Write every line below out again, exactly as given, but leave out the pictures.

(Data excerpts)
::::::::

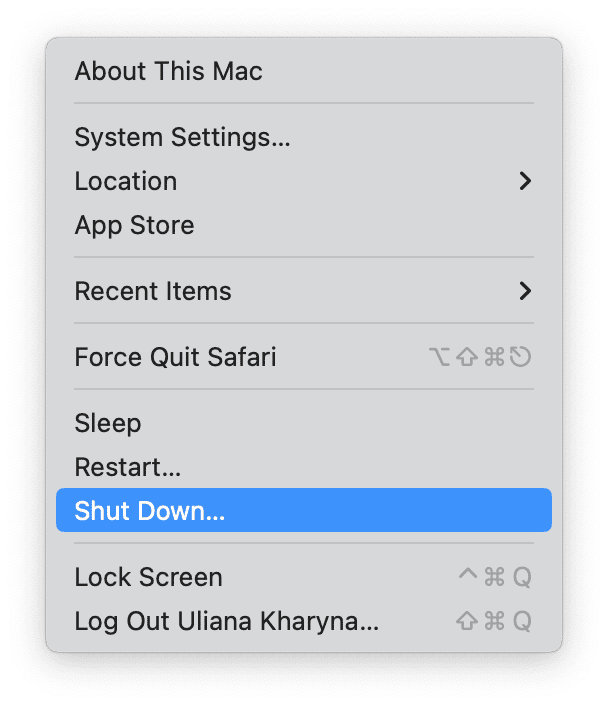 - Κλείστε το Mac σας.
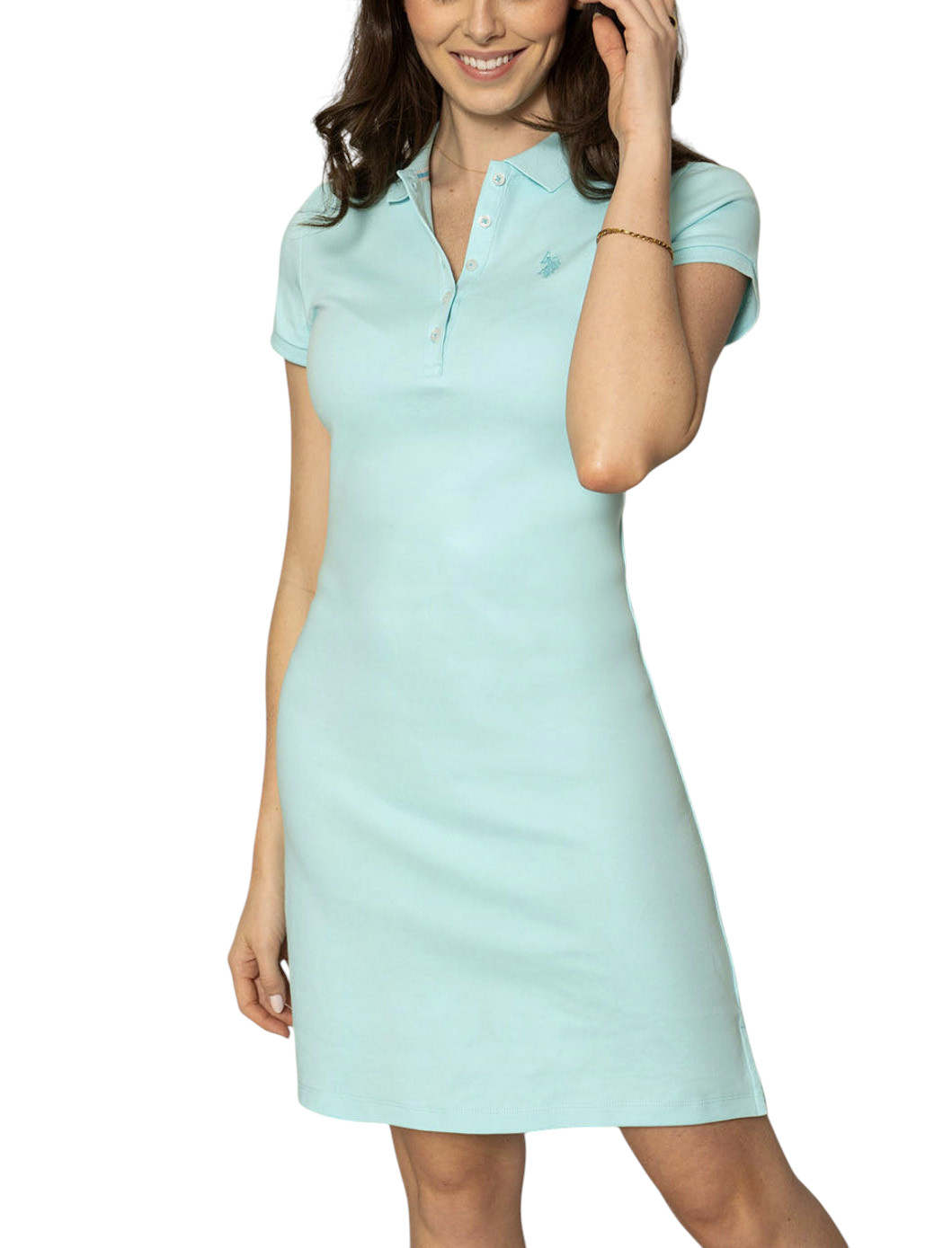 Φόρεμα Us Polo - Slim Fit Ελαστικό Ύφασμα Short sleeves. Decorative button on side of each sleeve. Embroidered logo on upper left front. 95% Cotton, 5% Spandex. Machine Wash
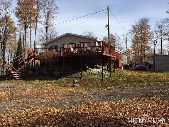 Peace awaits you at this manufactured home nestled on 5.2Ac,w/ wraparound deck offering room to entertain or relax. The home has 3bdrs,2.5 baths,LR,FR,Dining,Master Suite w/ whirlpool tub and more. Heated w/ a wood furnace,Oil is avail.Generator Avail. Lg detached garage has room for everything.
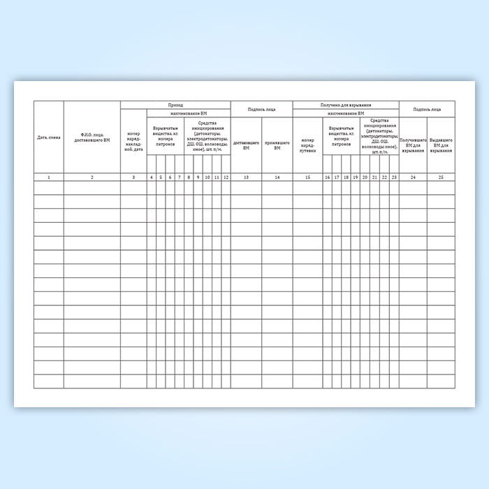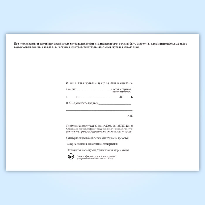 Книга учета прихода и расхода взрывчатых материалов участкового пункта хранения ВМ в Чите купить
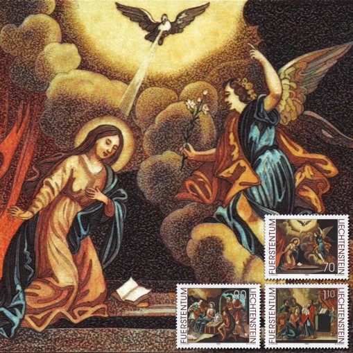Na znaczkach widnieją obrazy Josefa Walsera z kaplicy Matki Boskiej Pocieszycielki w Dux (Schaan) przedstawiające zwiastowanie, narodziny Chrystusa i ofiarowanie Jezusa w świątyni.

::::::::

## Written response
 - Κλείστε το Mac σας.
 Φόρεμα Us Polo - Slim Fit Ελαστικό Ύφασμα Short sleeves. Decorative button on side of each sleeve. Embroidered logo on upper left front. 95% Cotton, 5% Spandex. Machine Wash
 Peace awaits you at this manufactured home nestled on 5.2Ac,w/ wraparound deck offering room to entertain or relax. The home has 3bdrs,2.5 baths,LR,FR,Dining,Master Suite w/ whirlpool tub and more. Heated w/ a wood furnace,Oil is avail.Generator Avail. Lg detached garage has room for everything.
 Книга учета прихода и расхода взрывчатых материалов участкового пункта хранения ВМ в Чите купить
Na znaczkach widnieją obrazy Josefa Walsera z kaplicy Matki Boskiej Pocieszycielki w Dux (Schaan) przedstawiające zwiastowanie, narodziny Chrystusa i ofiarowanie Jezusa w świątyni.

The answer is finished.